3.2.2. Discrimination Analysis: PCA and PLSDA for HC vs. C Groups

First, the unsupervised PCA was conducted, showing an explained co-variance of 40.6% for the first two components in the HC vs. C groups (data not shown). The discrimination between the HC and C groups was better represented by PLSDA (with a co-variance of 40.1%) (Figure 1a) and the VIP scores derived from the PLSDA loadings showed the first 15 molecules to be considered as putative biomarkers of discrimination between the two groups (Figure 1b). The cross-validation algorithm showed high accuracy (close to one), a high R2 and significantly high Q2 values > 0.95. These data indicated good predictability for this model.

Figure 1

(a) PLSDA plot with samples’ identification, showing the discrimination between C and HC groups. (b) VIP scores derived from PLSDA loadings.
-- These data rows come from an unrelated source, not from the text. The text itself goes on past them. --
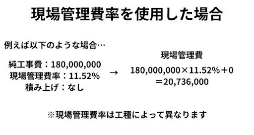 一方で、現場管理費率を使って計算する場合は以下の計算式を用いるのが一般的です。
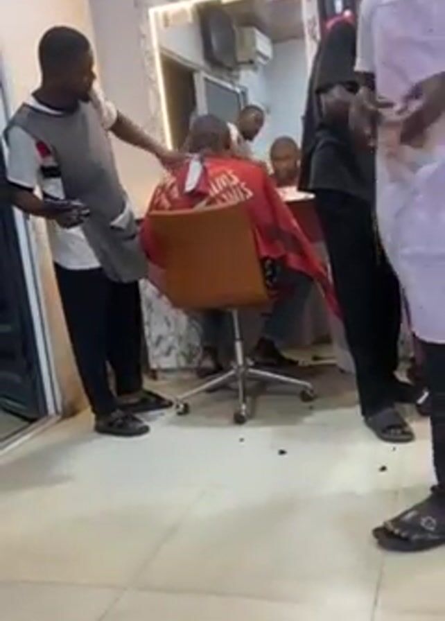 interior of a busy barbershop. Four barbers are visible, each attending to a customer in a barber chair. The barbers are all dressed casually in clothes such as t-shirts, trousers, and vests. Some wear aprons. They are using electric clippers to cut the hair of their customers, who are seated with barber capes on. The shop has mirrors on the walls, showing reflections of the activity within. The floor is tiled and a sign reading "OPAY" is visible. The barbers are moving around and interacting with their clients.
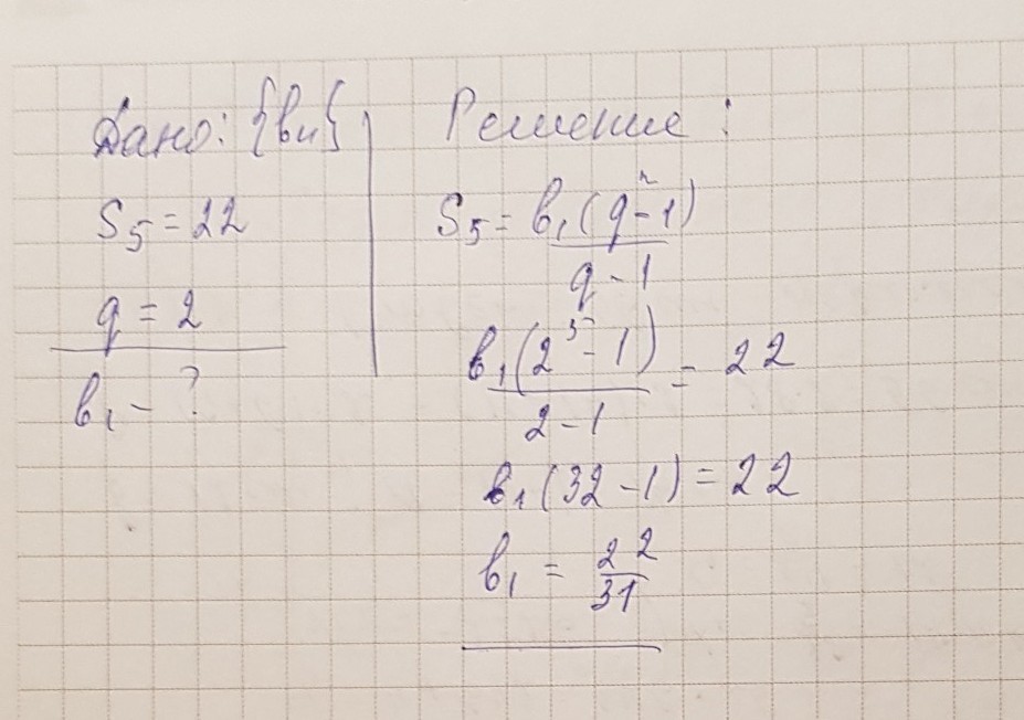 Cумма пяти первых членов геометрической прогрессии равна 22, а знаменатель этой прогрессии равен 2. Найдите первый член этой прогрессии.
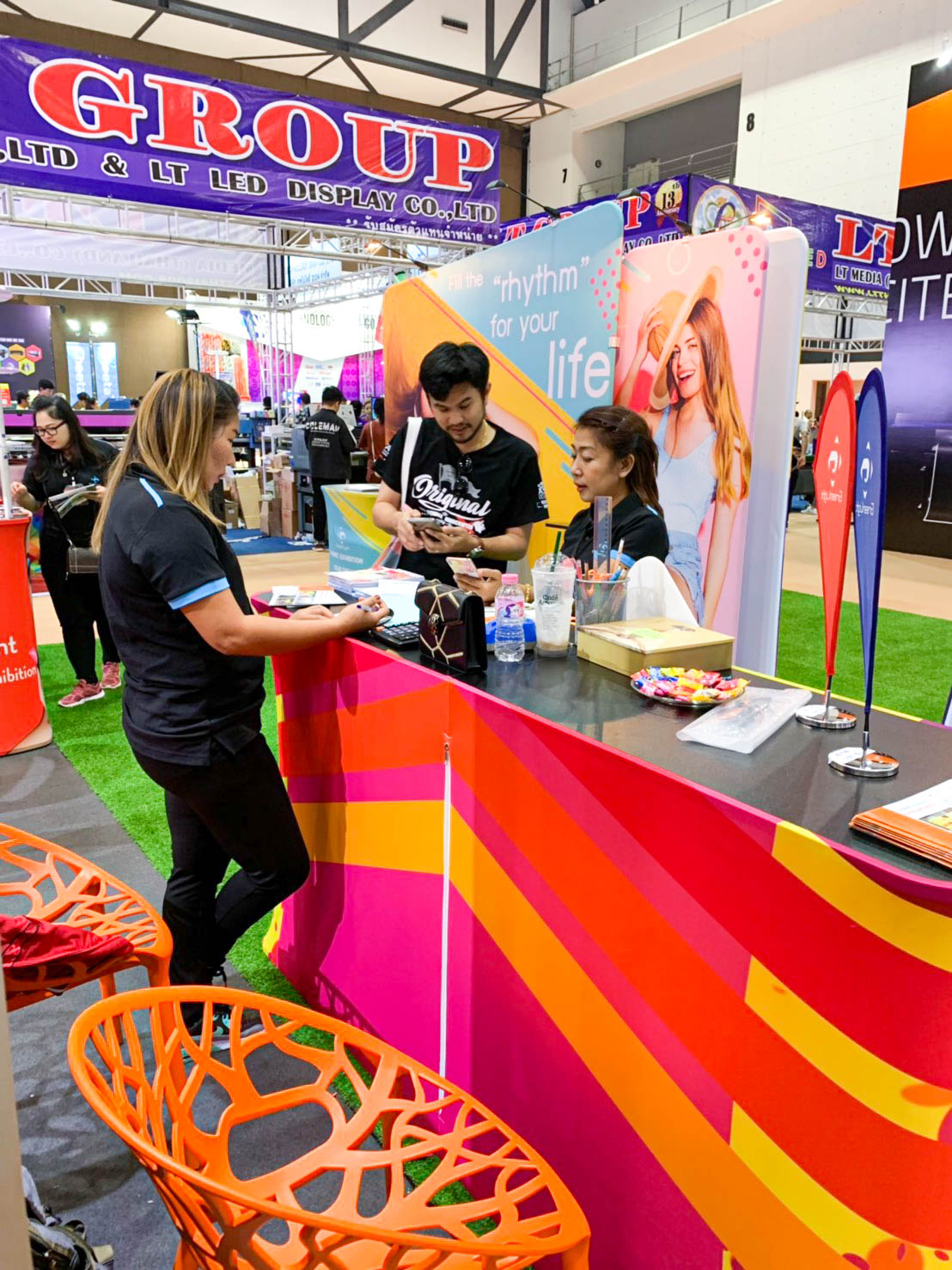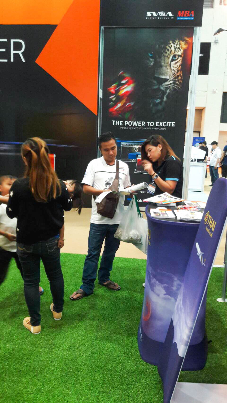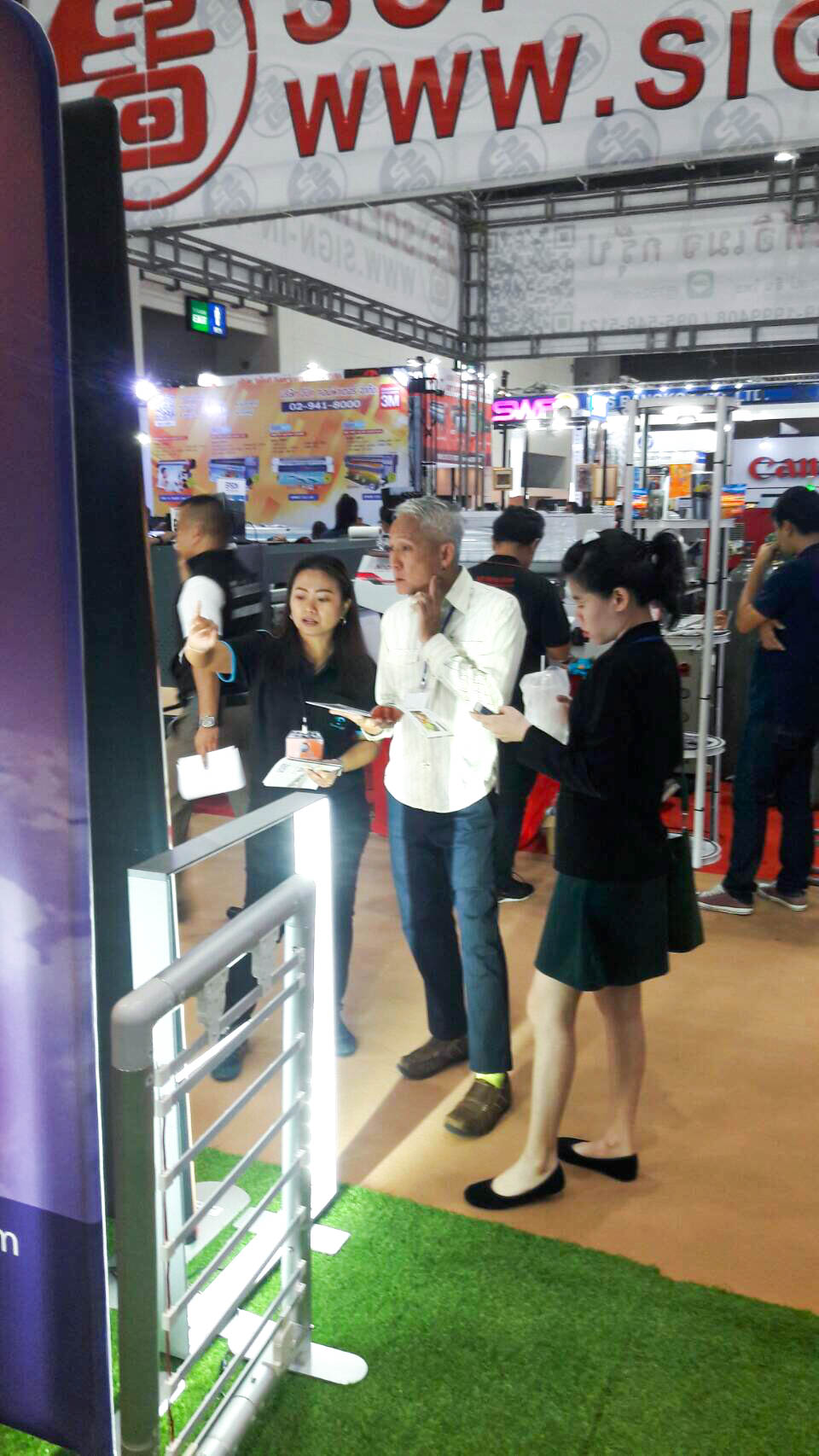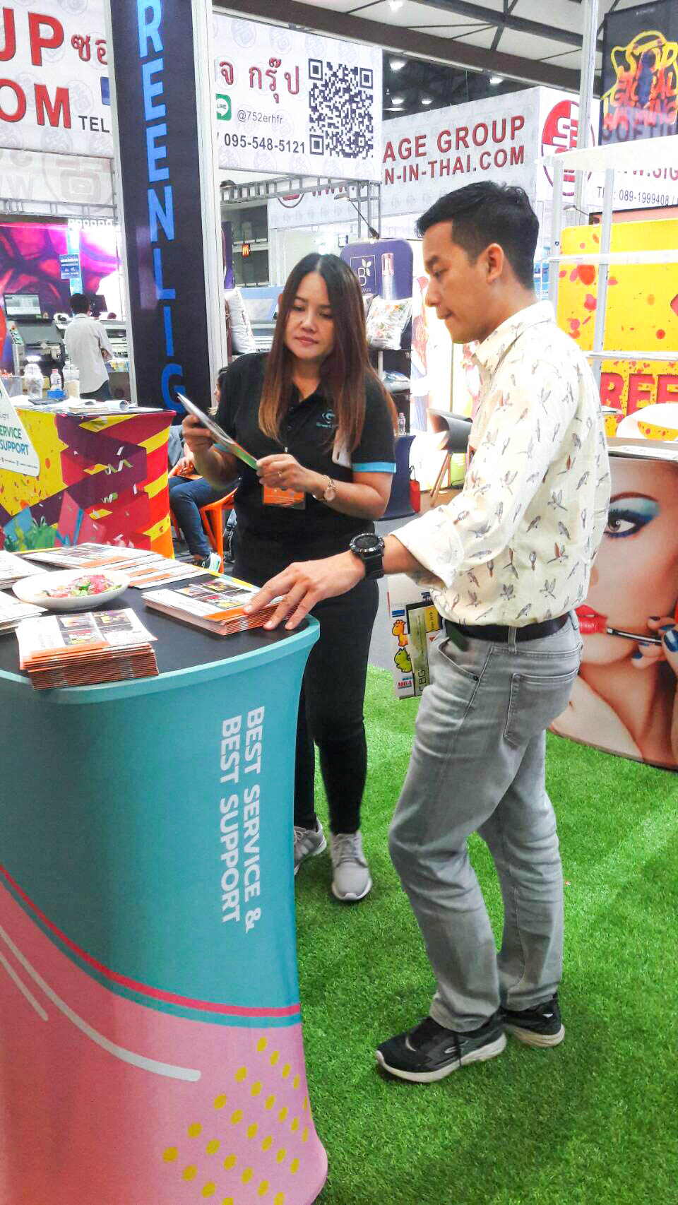ในปีนี้ทางเราเองได้นำสินค้าในหมวด Fabric Exhibition อุปกรณ์ออกบูธงานพิมพ์ผ้าไม่ว่าจะเป็น Fabric Backdrop, Fabric Counter, Fabric Screen หลายหลายรูปแบบนำมาจัดแสดง ในปีทางเราเน้นเป็นพิเศษไปให้ส่วนของ Fabric Booth ที่ถูกจัดมารวมเป็น Set เพื่อให้ลูกค้าได้เห็นถึงประโยชน์ที่หลากหลายไม่ว่าจะเป็นจุดเด่นในเรื่องจุดเด่นของงานผ้าที่สีสันสวยงาม โครงที่มีน้ำหนักเบา อุปกรณ์น้อยชิ้นใช้งานได้สะดวก ยังสามารถใช้งานร่วมกันได้ดี ให้รูปแบบการจัดวางที่แปลกใหม่เสริมสร้างความน่าสนใจได้มากทีเดียว แค่พูดคงยังไม่เห็นภาพมาดูกันเลยว่าเรามีอะไรบ้าง
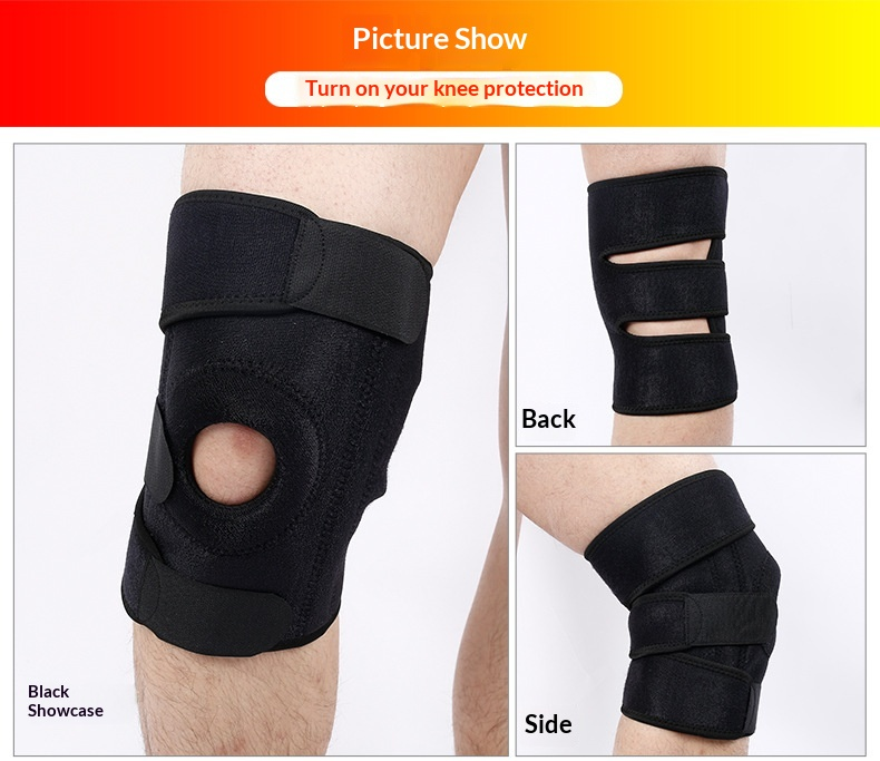 Genouillères de compression professionnelles pour adultes, noires, en élasthanne, soutien sportif, soulagement de la douleur, football, course à pied, toutes saisons, fermeture auto-agrippante
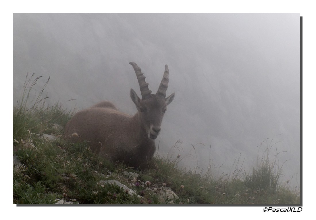 Malheureusement, la montée s’est faite entièrement dans les nuages ainsi que l’arrivée au sommet.
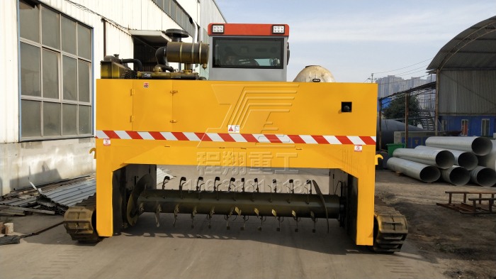 程翔重工研制的新款履帶型翻堆機,帶照明設(shè)備,光照條件不好或者夜間都可進行翻堆作業(yè)。
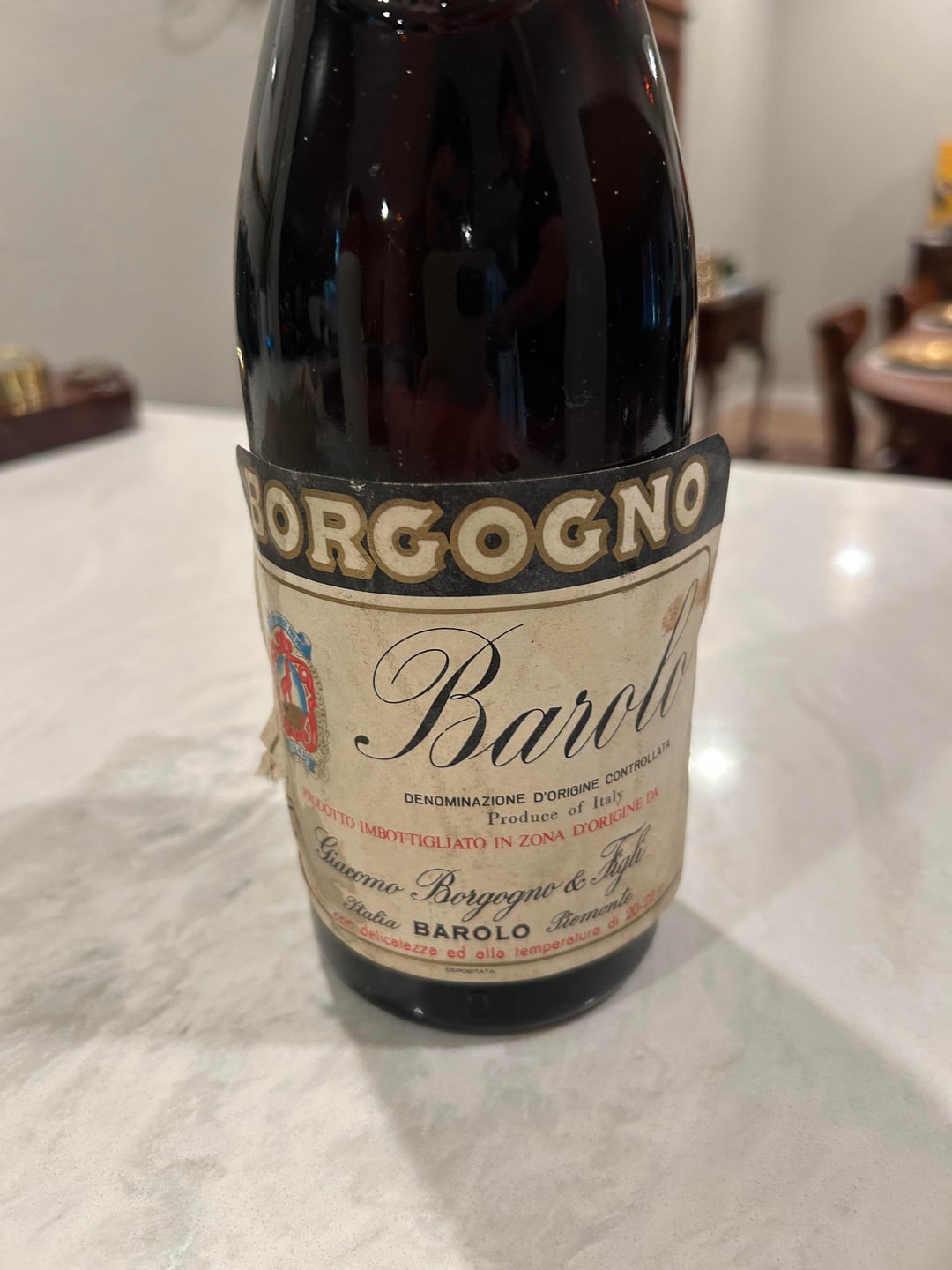 Purchased from an estate sale of a collector for $75 as a bit of a gamble. “Riserva” sticker with the vintage and the back label missing. The cork seemed to say “196-“ but was pretty hard to read.
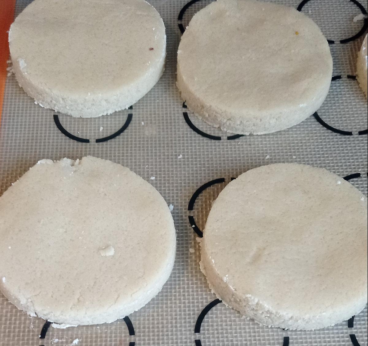 Estirar la masa , yo los hice de casi 1 cm de alto, pero es a tu preferencia .Cortar círculos del tamaño que te gusten , los hice de 7 cm .
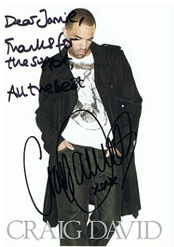 6"x4" photo signed - dear jamie, thanks for the support, all the best, craig david
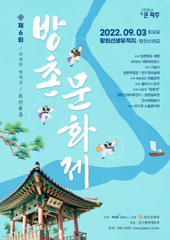 [로컬세계 = 이영원 기자]경기 파주시(시장 김경일)는 오는 9월 3일 황희선생 유적지에서 청백리 방촌 황희 선생의 가르침을 되새기고 이어가기 위한 ‘제6회 방촌문화제’를 개최한다.
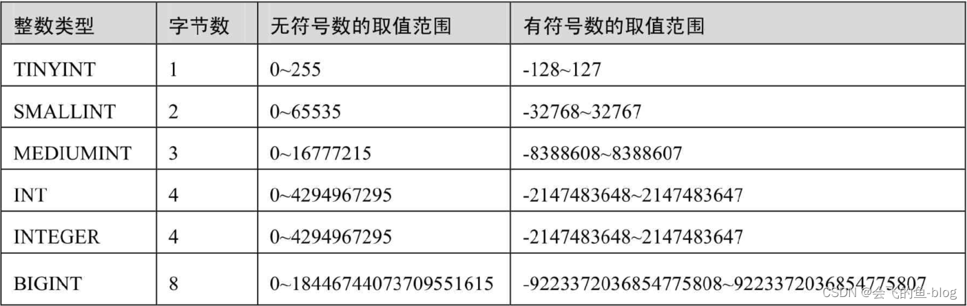 整数类型是数据库中最基本的数据类型。标准SQL中支持INTEGER和SMALLINT这两种数据类型。MySQL数据库除了支持这两种类型以外,还扩展支持了TINYINT、MEDIUMINT和BIGINT。下表从不同整数类型的字节数、取值范围等方面进行对比。
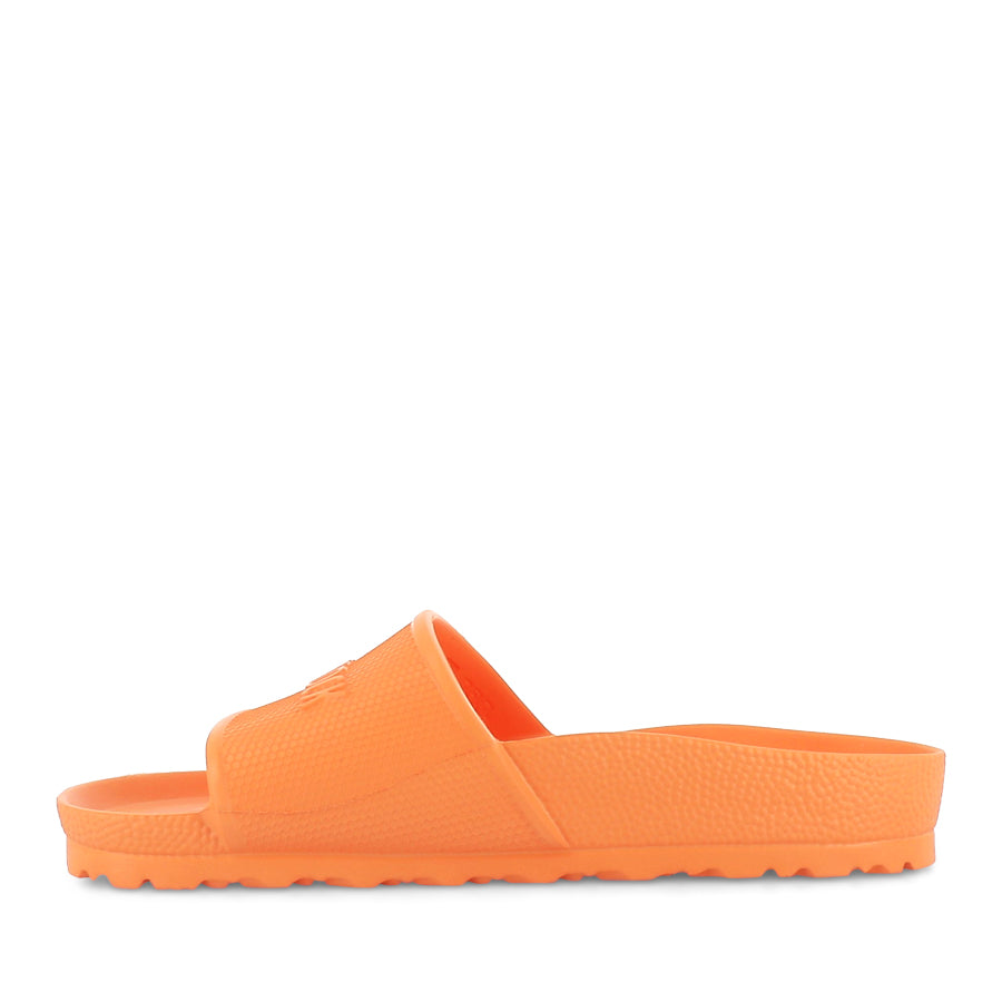BARBADOS EVA SEASONAL by BIRKENSTOCK is a sporty style slide, featuring a one piece design, a hexagon pattern and logo lettering across the strap, a traction pattern sole, and a water resistant footbed that will support your feet. Made from EVA, this style is highly flexible, shock absorbent and skin friendly. Enjoy both style and functionality with BARBADOS EVA.

Based on the PLSDA loadings graphic and VIP scores, there were noticeably increased levels of six molecules in the HC group: 1,25-dihydroxy cholesterol (m/z = 419.281), myristyl palmitate (m/z = 453.165), 25-hydroxy vitamin D2 (m/z = 413.265), 12-ketodeoxycholic acid (m/z = 391.283), lysoPC (21:4) (m/z = 558.291), and lysoPE (22:2) (m/z = 534.286). Meanwhile, decreases in the HC group were observed for ceramide (d18:0/20:0 (2OH)) (m/z = 612.503), MG (0:0/18:2/0:0) (m/z = 355.358), decenoic acid C10 (m/z = 171.140), hydroxy adipic acid (m/z = 163.052), PG (O-16:0/16:0) (m/z = 709.164), DG (12:0/16:0/0:0) (m/z = 513.415), lysoPE (20:1) (m/z = 508.459), and dimethyl-2-eicosenoic acid (m/z = 339.366).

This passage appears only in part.